Total run time was under 1 second on CPU.

Thank you, that’s a clever solution! I really appreciate you taking the time to write a test case.

I noticed that it still uses loops, i.e. for i in range(sp.size()[0]). I did a time comparison for 1) @rinkujadhav2013 's solution, vs 2) this. 1) is a bit faster.

In conclusion, it seems like loops are unavoidable for this problem :frowning:

Appreciate both of your efforts!

I think loops might be unavoidable cuz your splits are of uneven size. When doing matrix multiplications, dimensions need to align across things being parallelised.

Well, torch_scatter is built to handle splits of uneven size vectorially, provided one can provide the correct arguments to it. In my case, constructing the index argument to scatter_add needed a loop, that’s why I was looking at alternatives.

Torch scatter and gather use loops as far as I can tell.
Check the Cuda kernel here: pytorch/ScatterGatherKernel.cu at d7847ed23eb8880c7541319aab8864a45e239994 · pytorch/pytorch · GitHub
or the CPU kernels here:
pytorch/ScatterGatherKernel.cpp at 8f5f15a64b7f2efabfc9137ddc1ffb3390375626 · pytorch/pytorch · GitHub

Oh, that’s interesting. Probably explains why a torch scatter solution I came up with (with loops to construct the index matrix) took longer than your suggested torch.stack solution.

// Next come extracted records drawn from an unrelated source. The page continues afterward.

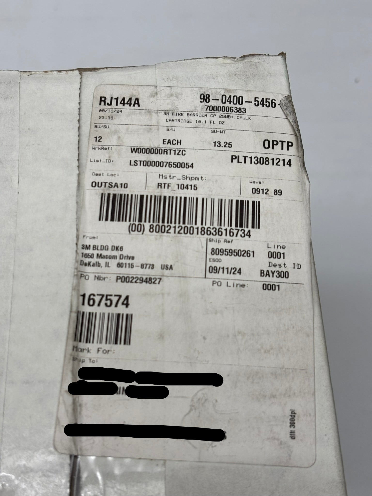 The 12 PK 3M CP25WBT Fire Barrier Sealant is designed for use in firestopping applications, providing excellent protection against fire, smoke, and toxic gases. This high-performance sealant is ideal for sealing joints and gaps around pipes, cables, and other penetrations in fire-rated walls and floors. With its easy-to-apply, water-based formula, it offers a durable, long-lasting barrier that meets stringent fire protection standards. Perfect for commercial, industrial, and residential projects, the 3M CP25WBT is UL and FM approved for reliable firestopping performance.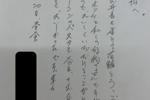 先月末に急遽店舗が無くなり、今月から対応することになり3週間後に頂いたお手紙です。
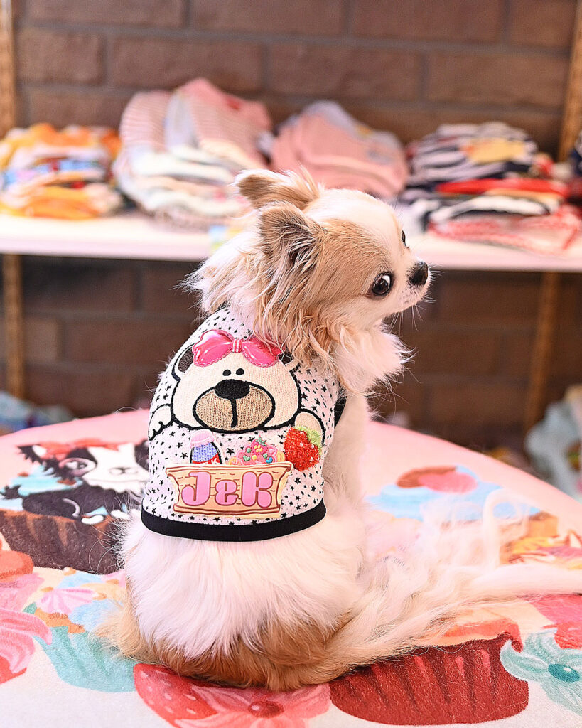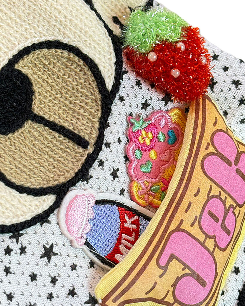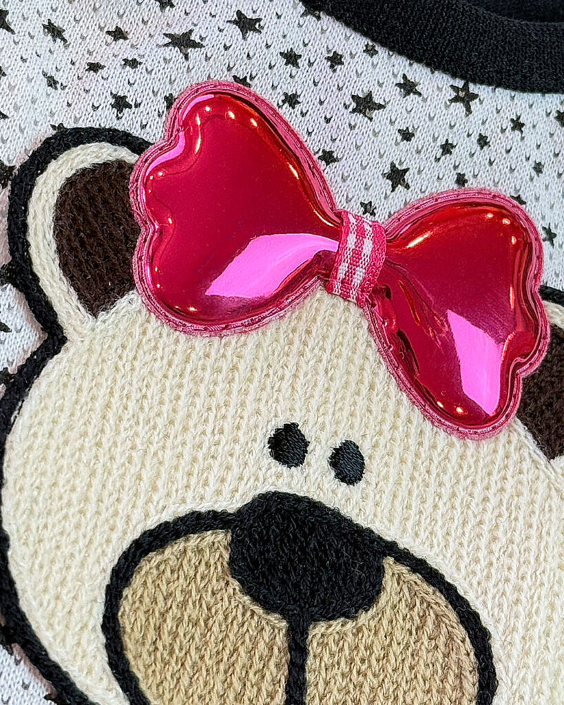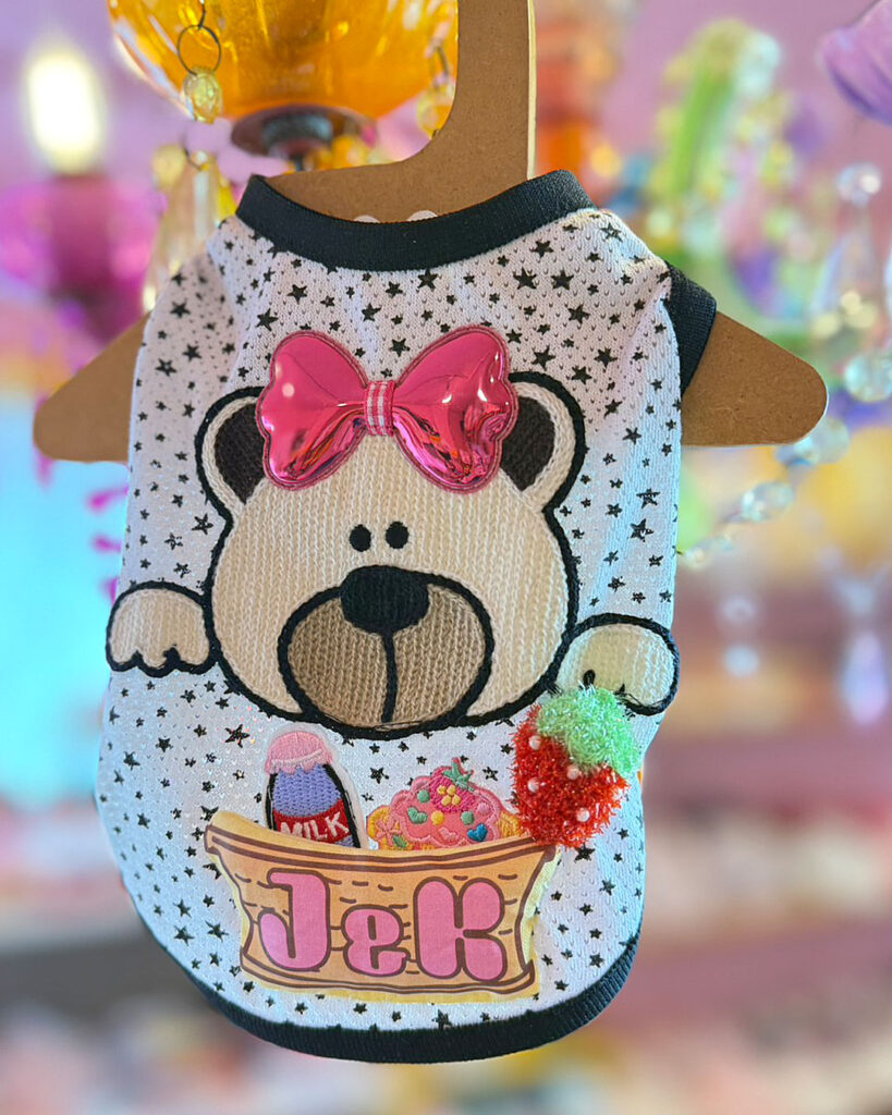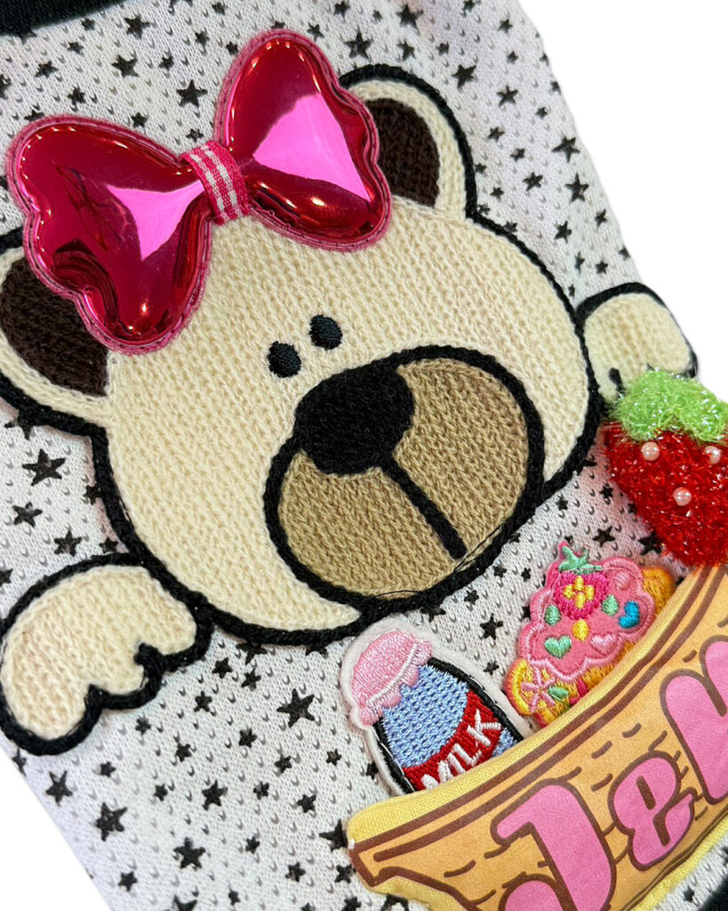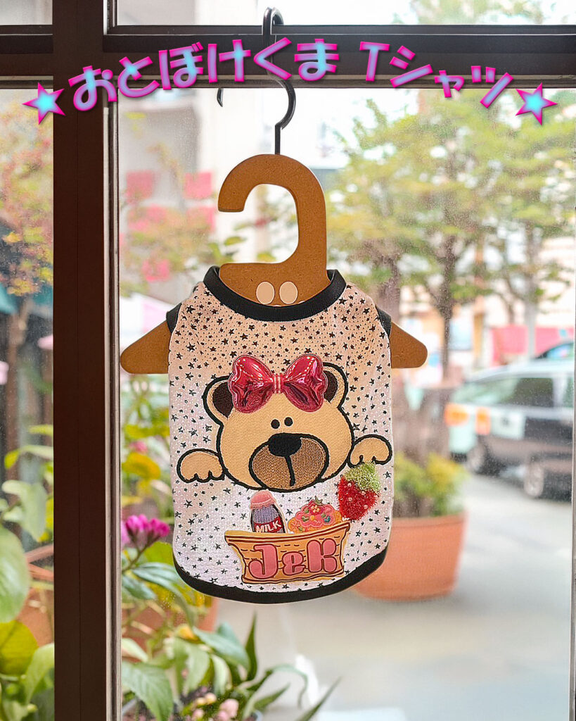 J&Kanimalsから、ポップなTシャツの登場です~♪星柄のメッシュ布に、おとぼけくまさんのワッペンをつけてポイントに=^-^=J&Kのバケットの中にはミルクやケーキ.イチゴを入れました♪くまさんにつけた大きなリボンがキラッと光って可愛いですヨ\(^_^)/男の子・女の子にも似合うトップスに仕上がりました。チュチュなどに重ね着しても良いですネ(゜▽゜)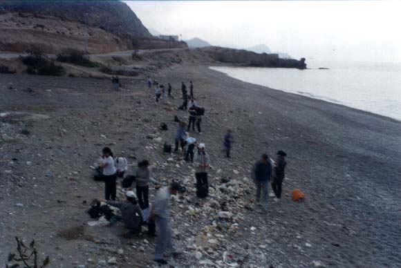 - Chaque groupe marchera le long de la coupe ; et une personne rassemblera les ordures pendant que l’autre étudiant enregistre ce qui est rassemblé. Ayez les étudiants rassemblés et enregistrez toutes les ordures et mesuré la distance de la ligne centrale. Quelques groupes devraient échantillonner la région de la marée haute, autres la région de la mi-marée, et autres la région de la marée basse. faites les observer comment les ordures s’accumulent. Par exemple, quelques parties de la plage peuvent avoir plus de débris que d’autres régions. Ce pourrait être dû à beaucoup de facteurs, tel que courants, direction des vents, tempêtes, modèle d’usage de plage, et proximité de sources de la pollution terre basée. Les étudiants peuvent remarquer aussi ces débris s’accumuler aux différents niveaux de la marée .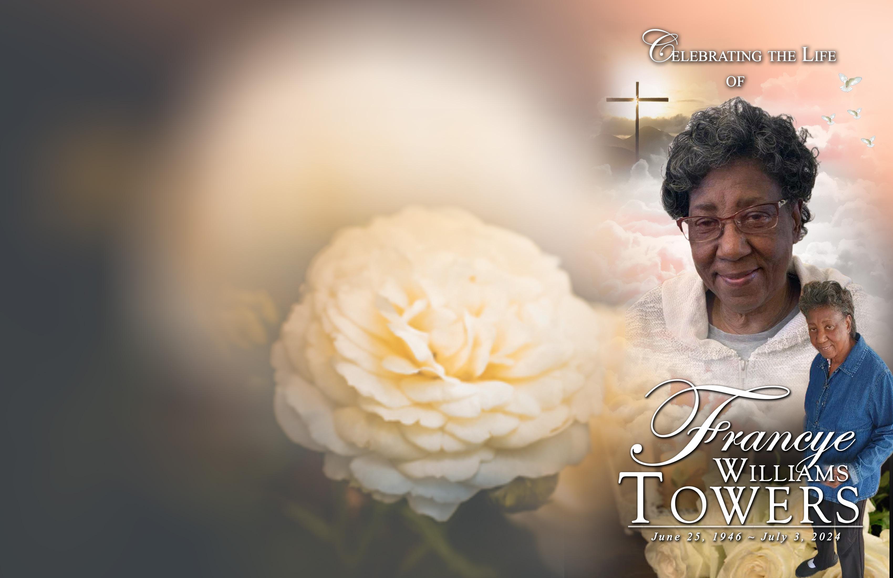 The family of Francye Williams Towers would like to express our gratitude for the many acts of kindness extended to us during this time. Your uplifting words, unrelenting support, and fervent prayers have given us the strength to praise God in all circumstances. ~The Family ~ Repast ~ Immediately Following Celebratiom Service Christ Missionary Baptist Church 494 South Parkway East Memphis, Tennessee 38106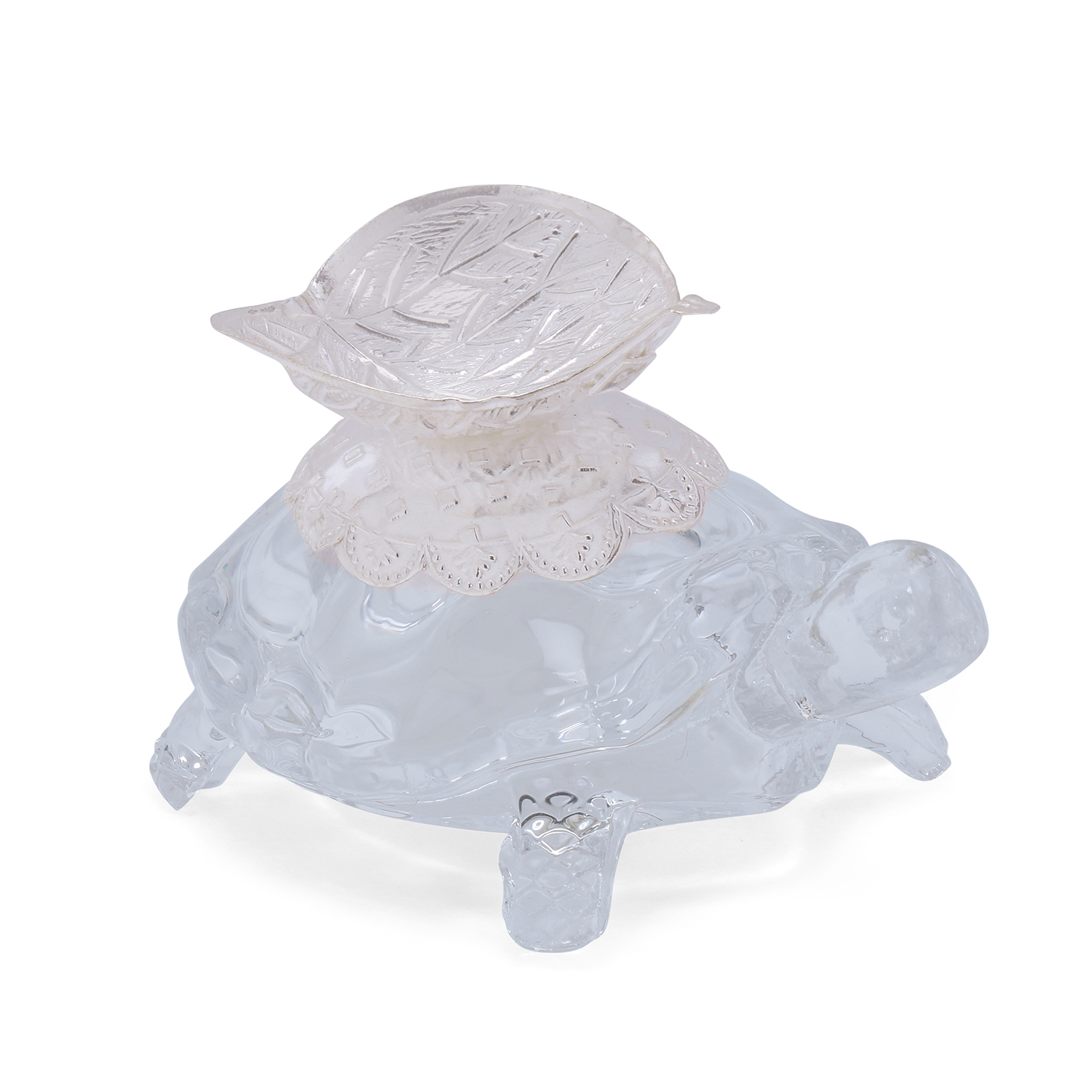 The diya is made of silver and stuck on top of a crystal tortoise. Silver Purity: 90%-92.5%.

@souryadey when a for loop is contained within square brackets (i.e. [k for k in x]) it becomes a special asynchronous iterator in Python. Asynchronous means each step of k computes separately and doesn’t wait for other iters of k to compute first. So it’s effectively not a “for loop”, though still uses for.

My understanding is that something like [k for k in x] is a loop comprehension, which may be faster than a regular loop in certain settings. But it doesn’t give the performance of vector processing. This article has a good discussion.